Through Morningstar, I’ve been able to analyse European investment funds collectively, using standardised and comparable data, which is essential to maintain academic rigour. It has significantly improved the efficiency and consistency of my research and teaching, allowing me and my students to draw data-driven insights across multiple markets at once."
A More Effective Way to Work
As a Morningstar Direct user since 2017, Loban has seen the benefits of using a streamlined investment application.
“Direct supports my teaching, research, and student projects in finance and investment analysis,” Loban says. “It has simplified my daily work by centralising reliable data and analytical tools in a single platform."

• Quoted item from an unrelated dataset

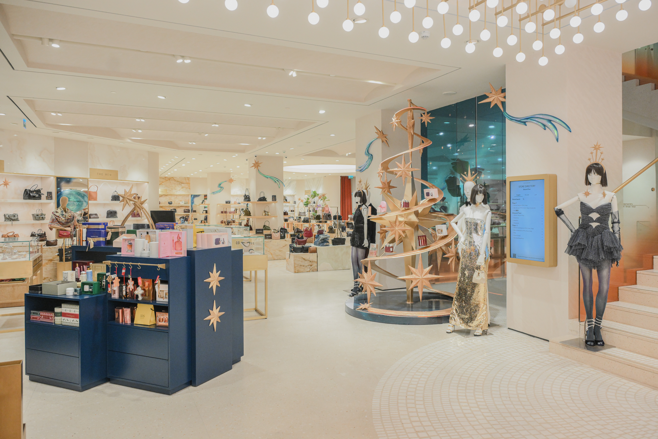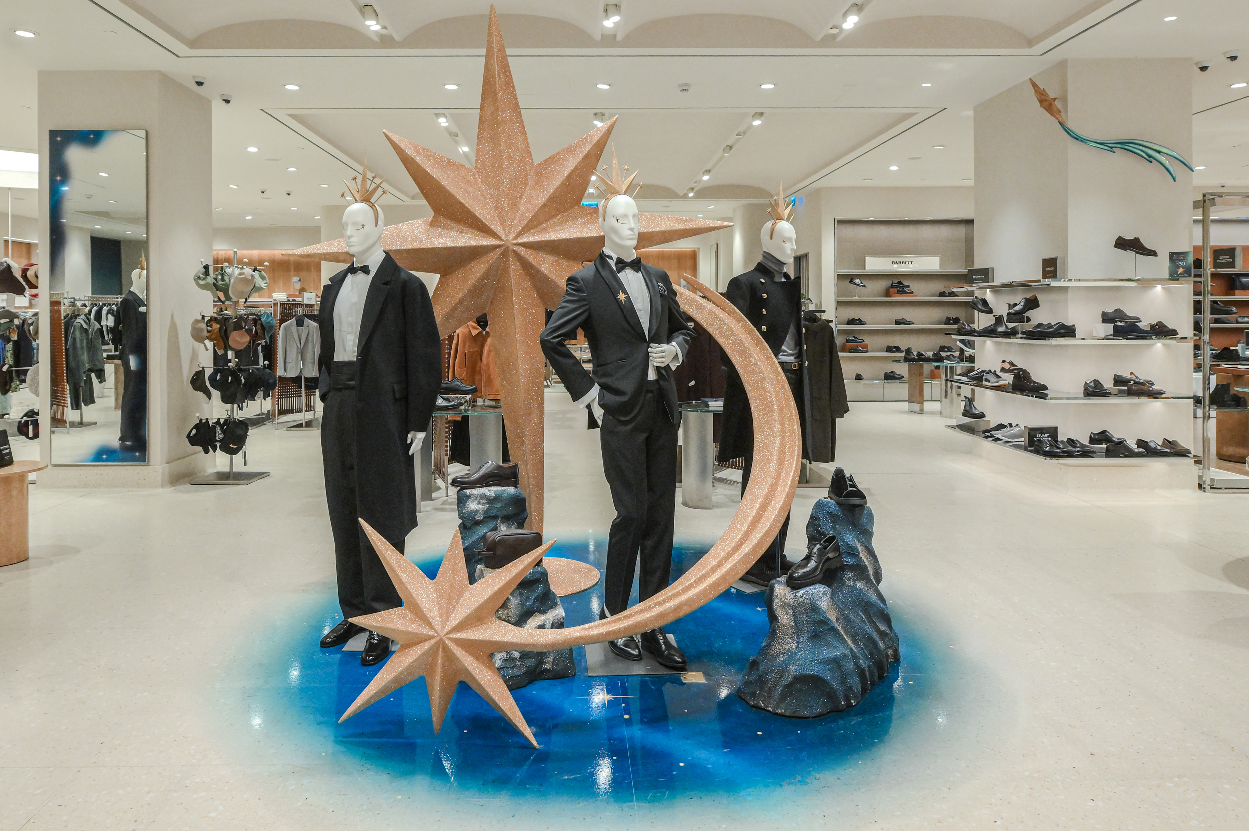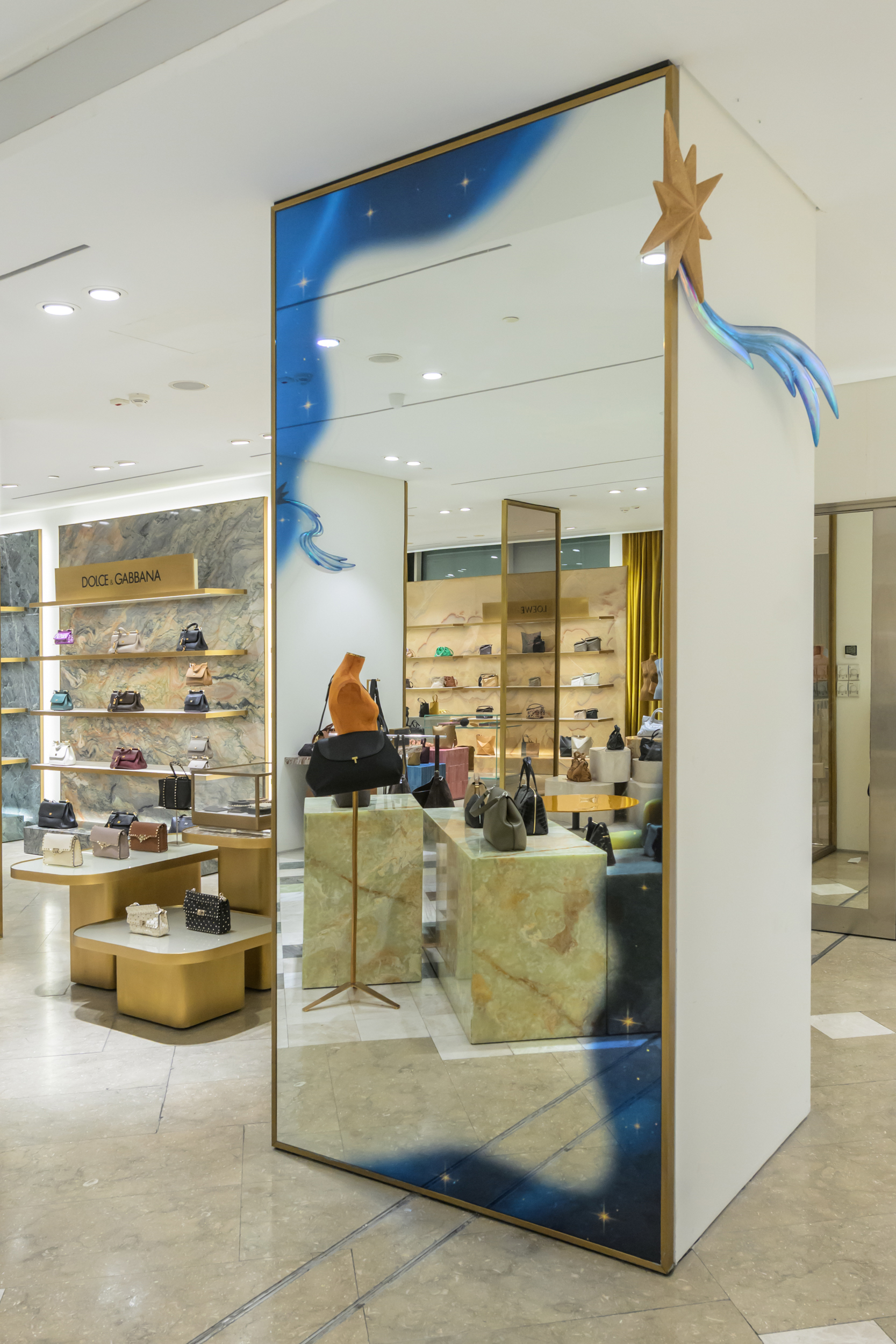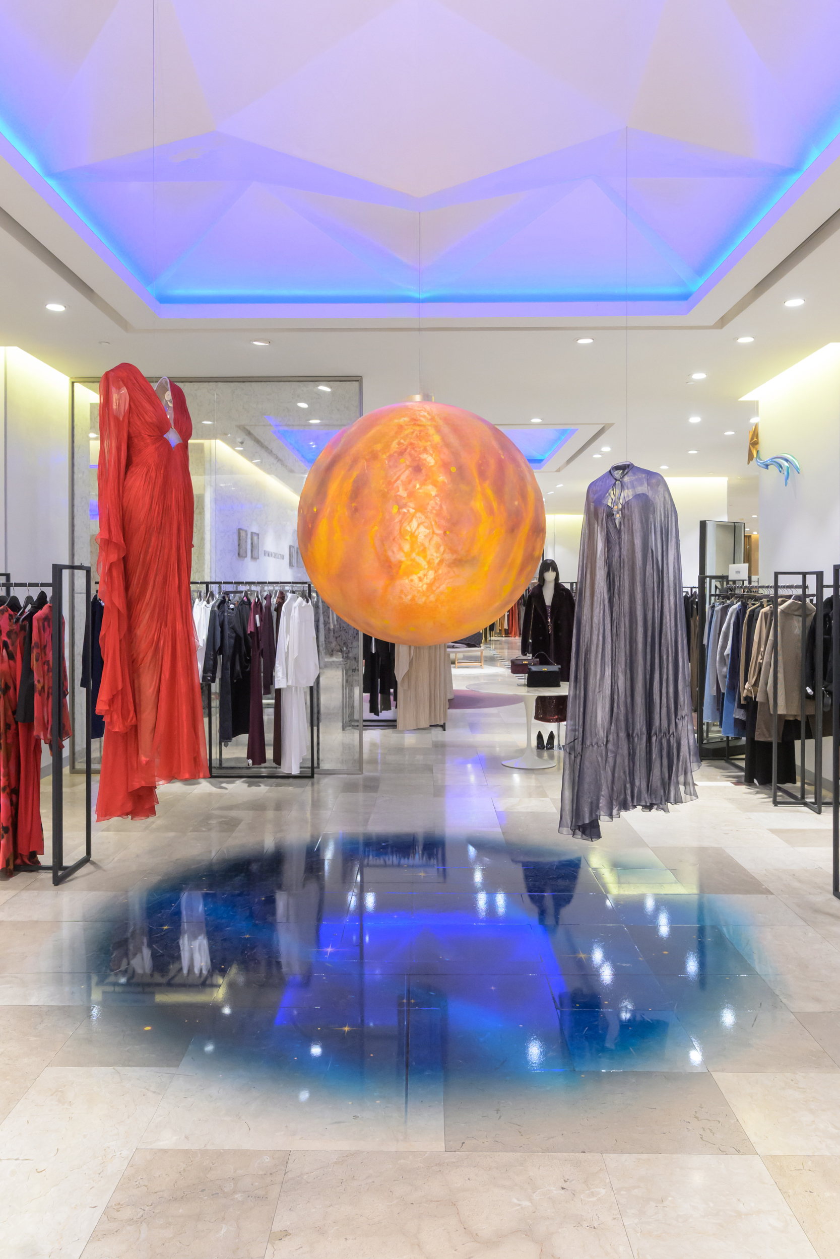 Inside, the narrative continues with refined layouts where deep blues, shimmering finishes, and handcrafted details blend to form an atmosphere that feels both futuristic and warm. Every mannequin takes its place as part of this universe, contributing to a seamless, glowing story.

The time savings have been significant, especially when comparing funds, checking performance metrics, or accessing ESG information. Whether it’s teaching or research, I can move efficiently from data collection to analysis, which makes my work more focused and consistent.
I find the custom lists and Excel API to be especially helpful, as I can easily download and analyse portfolio compositions. These tools help me design classroom exercises built on empirical data. I also use the fund filings download feature, which offers valuable and detailed information for academic analysis.”
Looking to the Future
“The next step is to dive into the Morningstar API via Python,” Loban says. “This will enhance my professional efficiency and analytical capabilities. The integration will help me automate data extraction, expand empirical research, and offer students a more dynamic and data-driven learning experience.”
Lidia Loban has not received any cash or non-cash compensation from Morningstar, directly or indirectly, in exchange for this client success story.